Further, as shown in FIGS. 6 and 7A, the holder 37 is formed with a cylindrical portion 37b surrounding each of the inner diameter portions of all the venturi tubes 12b. The cylindrical portion 37b is formed in a tapered hole whose diameter increases from the upstream side toward the downstream side. Note that the holder 37, is necessary to form a cylindrical portion 37b surrounding the inner diameter of all of the venturi tube 12b not necessarily, a cylindrical portion 37b surrounding the inner diameter of at least one Venturi tube 12b What is necessary is just to form.

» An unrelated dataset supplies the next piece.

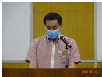
長嶺農林水産部長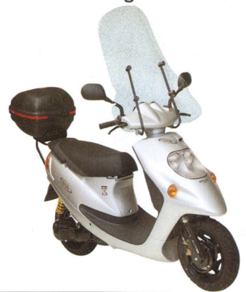
Abgebildetes Zubehör gegen Aufpreis.

The end portion of the cylindrical portion 37b of the holder 37 on the nozzle body 29 side is brought into contact with the discharge-side end portion 12f of the downstream venturi tube 12b in contact with the end portion of the cylindrical portion 37b on the nozzle body 29 side. The diameter D1 of the portion is set to a smaller diameter (D1 <D2) than the diameter D2 of the discharge-side end portion 12f of the downstream venturi tube 12b, so that an edge is formed at the discharge-side end portion 12f of the downstream venturi tube 12b. 12g is formed ( consisting of a recess having a substantially V-shaped cross section in a side view and a projecting portion provided on the downstream side of the recess and projecting into the flow path) .

  In the case of the discharge nozzle 30 configured as described above, as shown in FIG. 6, the hot water in which the air has been dissolved flows from the outflow pipe 11 to the upstream side venturi pipe of the nozzle case 31 as indicated by an arrow a. By discharging into the bath water in the bathtub 1 from the discharge port 3 of the nozzle cover 42 via 12a and the downstream venturi pipe 12b, dissolved air precipitates in the bath water and fine bubbles are generated.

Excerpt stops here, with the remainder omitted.